**DESCRIPTION OF THE TASK**
Starting with the line that contains "2.选中粘贴上三好学生名单的姓名列所有学生姓名(不含标题)" and ending with the last line of the entries, repeat exactly those lines and nothing else, pictures excluded.

PROVIDED DATA START

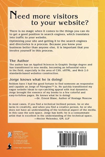 There is no magic when it comes to the things you can do to get a good position in search engines. This is a simple book with many resources to build traffic to your website, written in easy-to-understand language. -How to choose the right keywords and key phrases. -How to feed the robots and prepare your content. -Search Engines friendly links and content. -How to setup a Blog to get traffic. -Tools to use to track your progress. -RSS feeds to get traffic. -What Google sees in your site. -How to make Search Engine Submissions work. -How to use social networks. -Using local directories. -Using free services to create mirror pages. -See what your competition is doing. -How convert visitors into clients. -Free resources, Lists of Search Engines, Directories and Networks Submission Pages. -Free lists of tools to grow your web presence. -A Glossary section to understand common used web terms. More about Nuregime Web Design at: www.nuregime.com
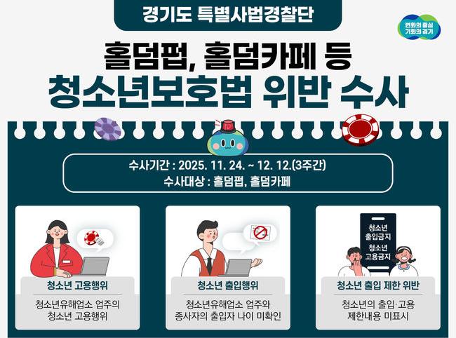 경기도 특별사법경찰단이 오는 24일부터 12월 12일까지 도내 홀덤펍·홀덤카페를 대상으로 청소년의 출입·고용 등 불법행위를 집중 수사하며, 수능 이후 증가할 수 있는 사행행위 노출을 사전에 차단하기로 했다.
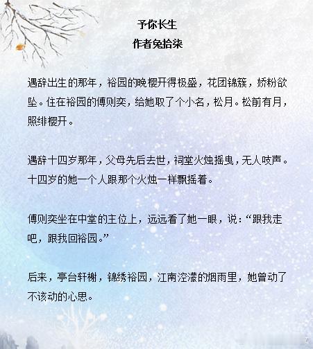 推文 予你长生作者兔拾柒遇辞出生的那年,裕园的晚樱开得极盛,花团锦簇,娇粉欲坠。住在裕园的傅则奕,给她取了个小名,松月。松前有月,照绯樱开。遇辞十四岁那年,父母先后去世,祠堂火烛摇曳,无人吱声。十四岁的她一个人跟那个火烛一样飘摇着。傅则奕坐在中堂的主位上,远远看了她一眼,说:“跟我走吧,跟我回裕园。”后来,亭台轩榭,锦绣裕园,江南涳濛的烟雨里,她曾动了不该动的心思。
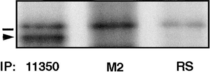 Figure 8. Coimmunoprecipitation of the mutant with endogenous occludin was not the result of exchange of monomers between detergent-solubilized oligomeric assemblies. Confluent A6 cell monolayers were metabolically labeled with 150 μCi/ml [35S]methionine/cysteine for 20 h at 27°C, solubilized under nondenaturing conditions, and then mixed with similarly detergent-solubilized supernatant from Xenopus embryos injected with 266 construct mRNA at the two-cell stage and incubated for 10 h at room temperature. After immunoprecipitation with anti-occludin 11350 (left lane), anti-FLAG M2 (middle lane), or preimmune rabbit serum (right lane), samples were separated on 12% SDS-PAGE and autoradiographed. 35S-labeled occludin could not be immunoprecipitated with anti-FLAG M2 (middle lane), demonstrating that mixing of the mutant with wild-type molecules after extraction did not result in detergent-mediated exchange of protein monomers. The bar above the arrowhead indicates the molecular weight marker 66 kD.
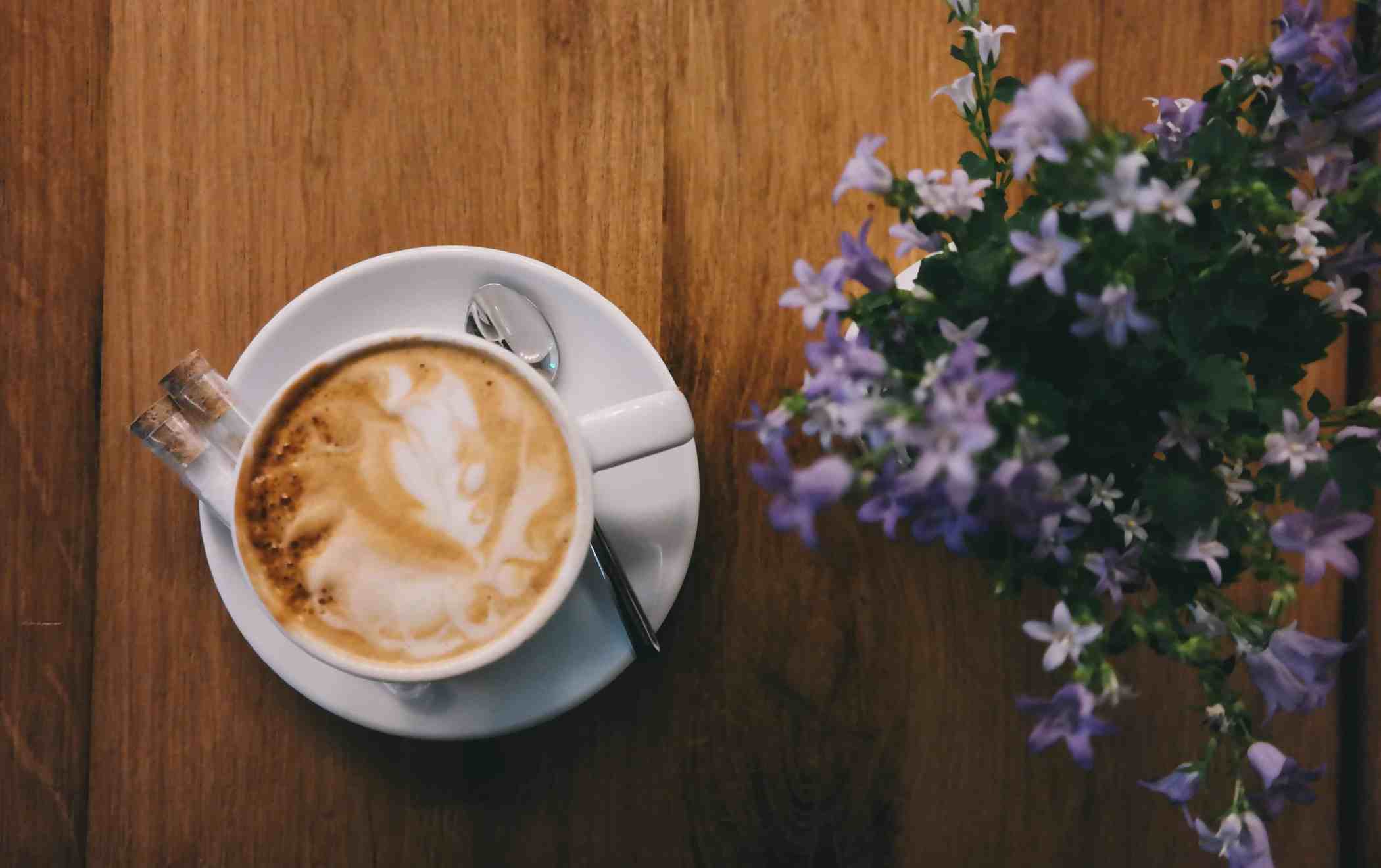 Cup of hot foamy cappuccino next to some purple flowers 5k UHD Wallpaper
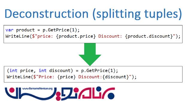 ما میتوانیم این را بیان کنیم که Deconstruction برای استفاده مستقیم از اعضای tuple با استفاده از نامشان وجود دارد .
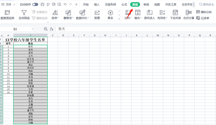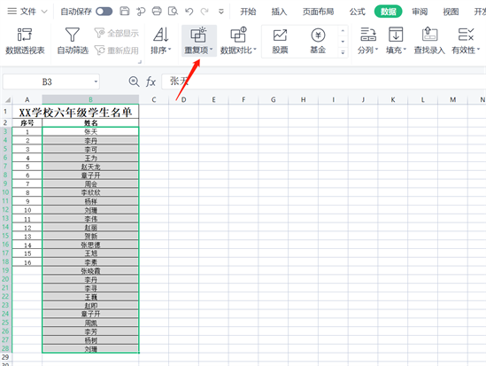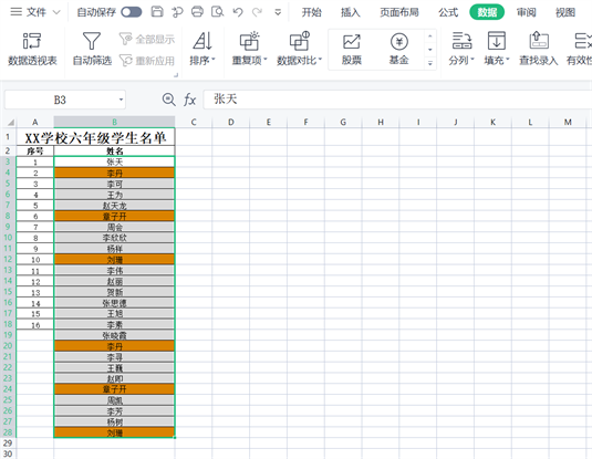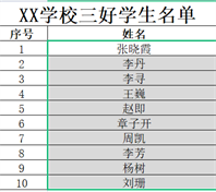 2.选中粘贴上三好学生名单的姓名列所有学生姓名(不含标题)
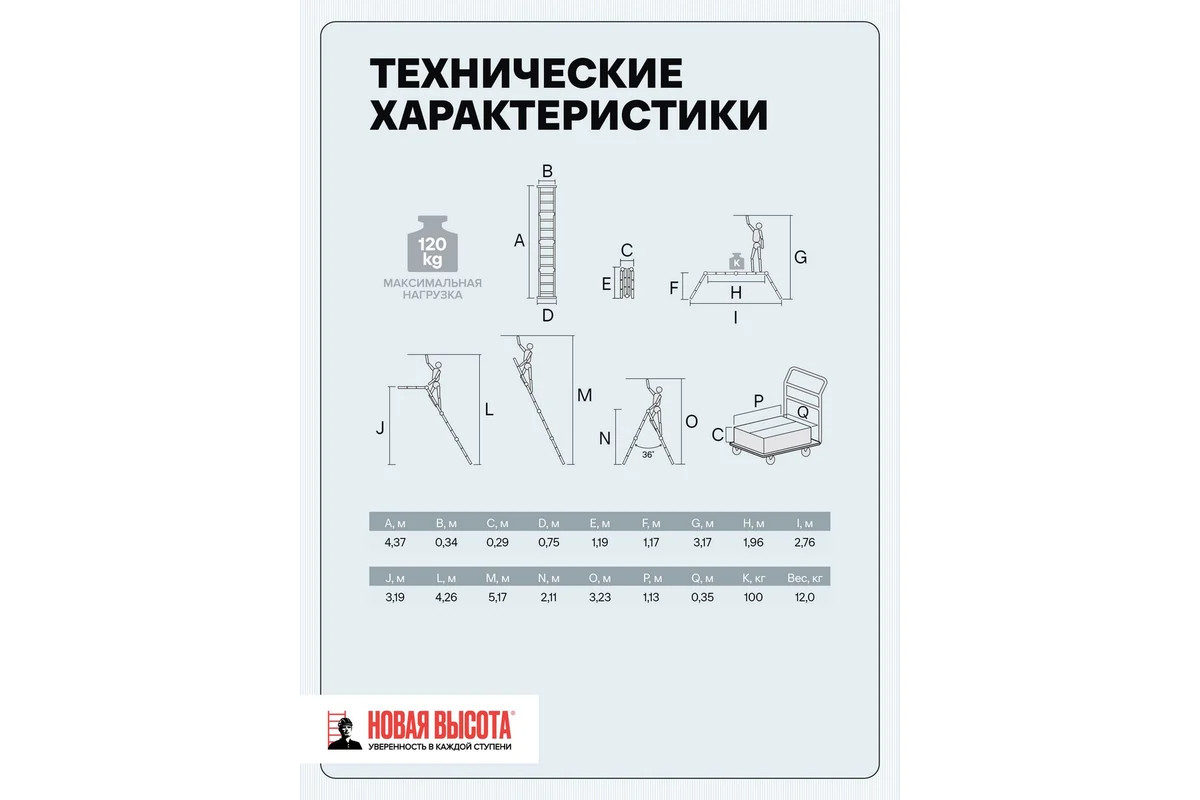 Четырехсекционная лестница-трансформер Новая Высота 4х4 1320404 отличается универсальностью, компактностью при хранении, устойчивостью. Легко преобразуется в помост-платформу, стремянку, приставную лестницу, лестницу с выносом.  Максимально допустимая нагрузка в положении помост 100 кг.

PROVIDED DATA END

**FINAL ANSWER**
 2.选中粘贴上三好学生名单的姓名列所有学生姓名(不含标题)
 Четырехсекционная лестница-трансформер Новая Высота 4х4 1320404 отличается универсальностью, компактностью при хранении, устойчивостью. Легко преобразуется в помост-платформу, стремянку, приставную лестницу, лестницу с выносом.  Максимально допустимая нагрузка в положении помост 100 кг.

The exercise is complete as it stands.